Как бы я желал уметь сказать все, что́ я чувствую о Достоевском. Вы, описывая свое чувство, выразили часть моего. Я никогда не видал этого человека и никогда не имел прямых отношений с ним, и вдруг, когда он умер, я понял, что он был самый, самый близкий, дорогой, нужный мне человек. Я был литератор, и литераторы все тщеславны, завистливы, я по крайней мере такой литератор. И никогда мне в голову не приходило меряться с ним – никогда. Все, что́ он делал (хорошее, настоящее, что́ он делал), было такое, что чем больше он сделает, тем мне лучше. Искусство вызывает во мне зависть, ум тоже, но дело сердца только радость. – Я его так и считал своим другом, и иначе не думал, как то, что мы увидимся, и что теперь только не пришлось, но что это мое. И вдруг за обедом – я один обедал, опоздал – читаю, умер. Опора какая-то отскочила от меня. Я растерялся, а потом стало ясно, как он мне был дорог, и я плакал и теперь плачу.

На днях, до его смерти, я прочел Униженные и оскорбленные (роман Ф. М. Достоевского. – В.Р.) и умилялся.

В похоронах я чутьем знал, что как ни обосрали все это газеты, было настоящее чувство. – […] От всей души обнимаю и люблю вас. Ваш Л. Толстой» (63, 42–43)».

Л. Н. Толстой – А. А. Фету
12 мая 1881 г. Я.П.

 

«Помню, когда получил ваше письмо, дорогой Афанасий Афанасьевич, как мне удивительно показалось, что вы так далеко заглядываете, – 12 Мая. Показалось особенно странно, потому что в этот же день я узнал о смерти Достоевского (Ф. М. Достоевский умер 28 января 1881 г. – В.Р.). А вот и 12 мая, и мы живы. Пожалуйста, простите меня за мое молчание и не накажите меня и жену тем, чтобы отменить ваш приезд к нам. – Наш поклон Марье Петровне. Пожалуйста, не сердитесь на меня. Я очень заработался и очень постарел нынешний год; но не виноват в перемене моей привязанности к вам. Ваш Л. Толстой» (63, 63).

Часть вторая
Н. Н. Страхов перед судом современников и потомков

 

Николай Страхов состоял в дружбе и с Львом Толстым. Сохранилась огромная переписка между ними, едва уместившаяся в объемном двухтомнике. Критик часто бывал у Толстого в Ясной Поляне, путешествовал с ним в Оптину пустынь. Толстой, будучи в 1878 г. в Петербурге, основное свое время проводил со Страховым, который, как известно, воспрепятствовал встрече двух великих писателей во время их присутствия на лекции Вл.С. Соловьева.

Толстой крайне сдержанно воспринял обличительные письма Страхова, адресованные ему. Полагаю, что постепенное угасание дружбы с человеком, с которым Толстого связывали тридцатилетние отношения, во многом было обусловлено неприязненностью писателя к умышленно пасквильным оценкам Николая Страхова в адрес Достоевского.

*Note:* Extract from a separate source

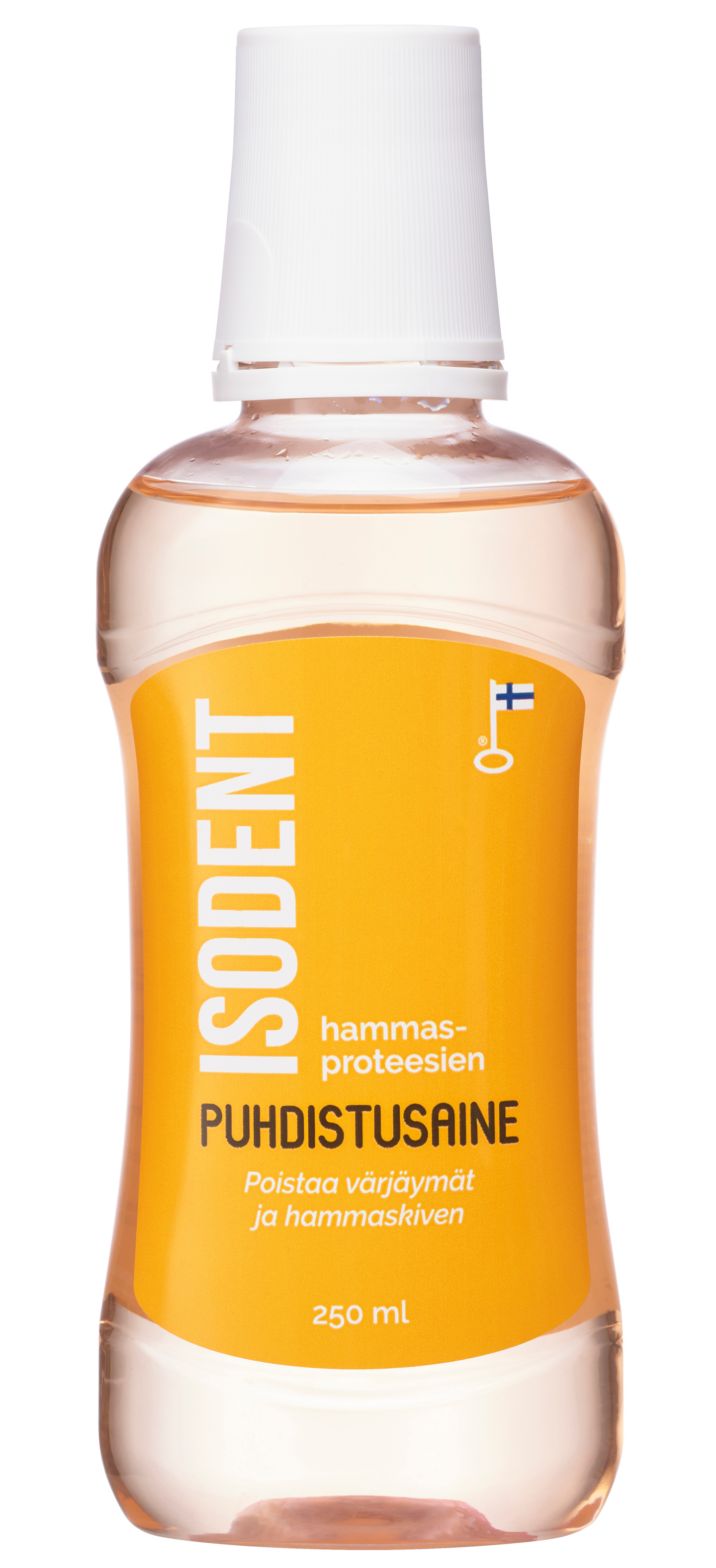 Bakteerien, sienikasvustojen ja värjäytymien lisäksi se liuottaa proteesistasi myös hammaskiven. IsoDent on nestemäinen tiiviste ja se myydään riittoisassa 250 ml pullossa, joka kestää yhdellä käyttäjällä jopa 3 kuukautta päivittäisessä käytössä.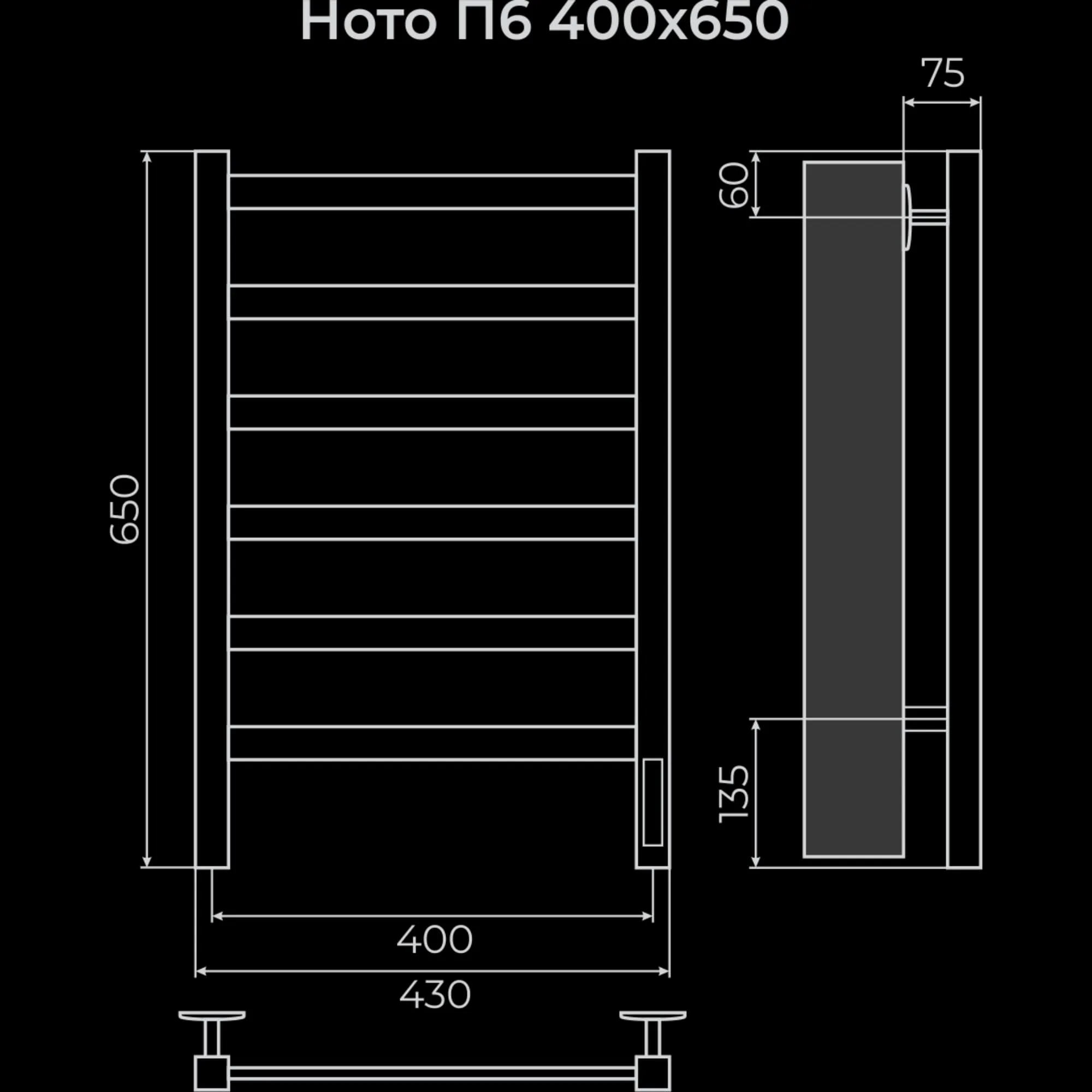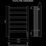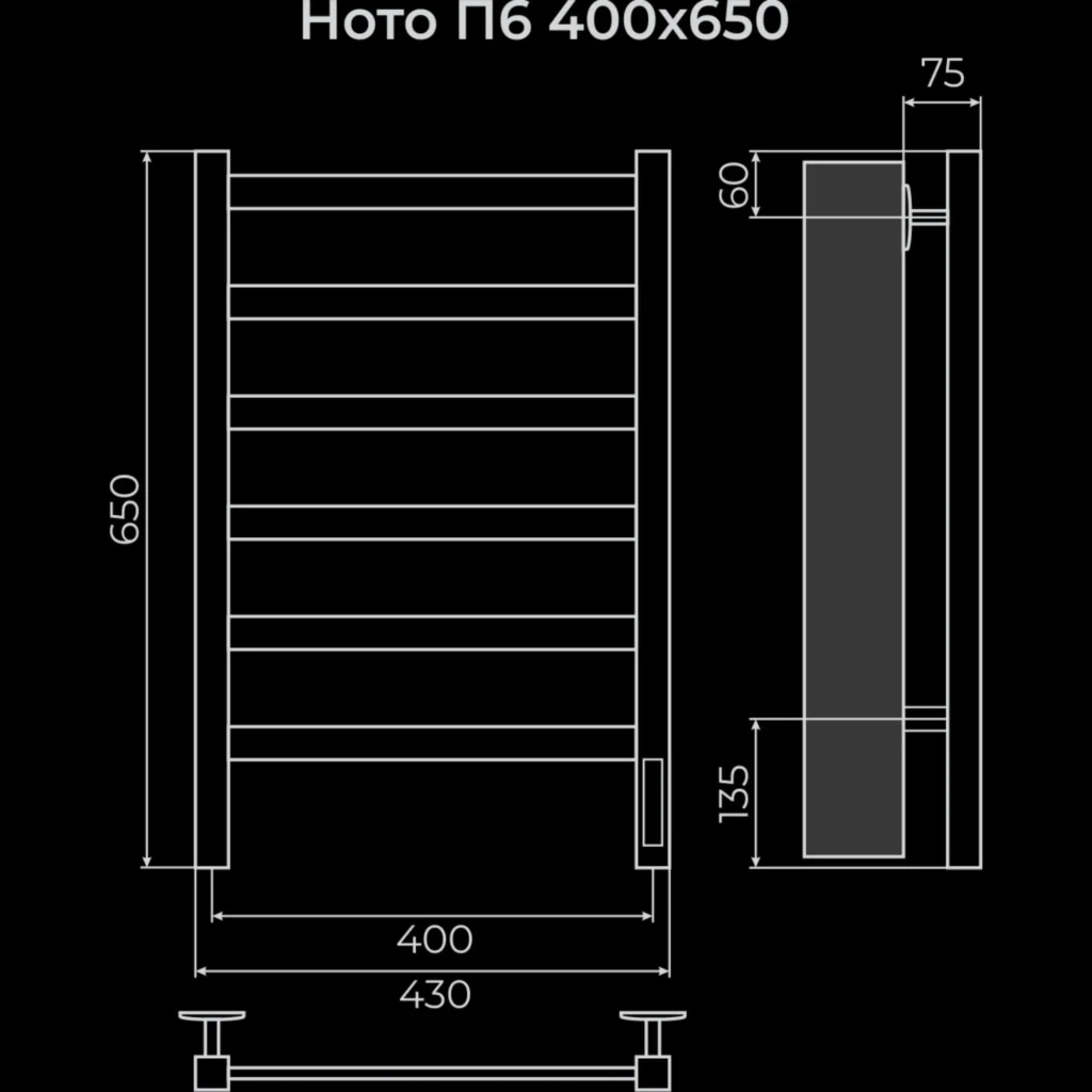 Полотенцесушитель электрический Terminus TREND ЭПС Ното Электро П6 400×650, 650 мм высотой, 430 мм шириной, 6 перекладин, нижнее подключение, хромированный

Толстой стал своеобразным камертоном для выявления сути конфликта между Страховым и Достоевским.

Из письма H. Н. Страхова – Л. Н. Толстому
28 ноября 1883 г. Петербург

 

Н.Н. Страхов. Фотография 1880-х гг.

 

«Напишу Вам, бесценный Лев Николаевич, небольшое письмо, хотя тема у меня богатейшая. Но и нездоровится, и очень долго бы было вполне развить эту тему. Вы верно уже получили теперь Биографию Достоевского – прошу Вашего внимания и снисхождения – скажите, как Вы ее находите. Я по этому-то случаю хочу исповедаться перед Вами. Все время писанья я был в борьбе, я боролся с подымавшимся во мне отвращением, старался подавить в себе это дурное чувство. Пособите мне найти от него выход. Я не могу считать Достоевского ни хорошим, ни счастливым человеком (что, в сущности, совпадает). Он был зол, завистлив, развратен, и он всю жизнь провел в таких волнениях, которые делали его жалким, и делали бы смешным, если бы он не был при этом так зол и так умен. Сам же он, как Руссо, считал себя лучшим из людей, и самым счастливым. По случаю биографии я живо вспомнил все эти черты. В Швейцарии, при мне, он так помыкал слугою, что тот обиделся и выговорил ему: «Я ведь тоже человек!». Помню, как тогда же мне было поразительно, что это было сказано проповеднику гуманности и что тут отозвались понятия вольной Швейцарии о правах человека.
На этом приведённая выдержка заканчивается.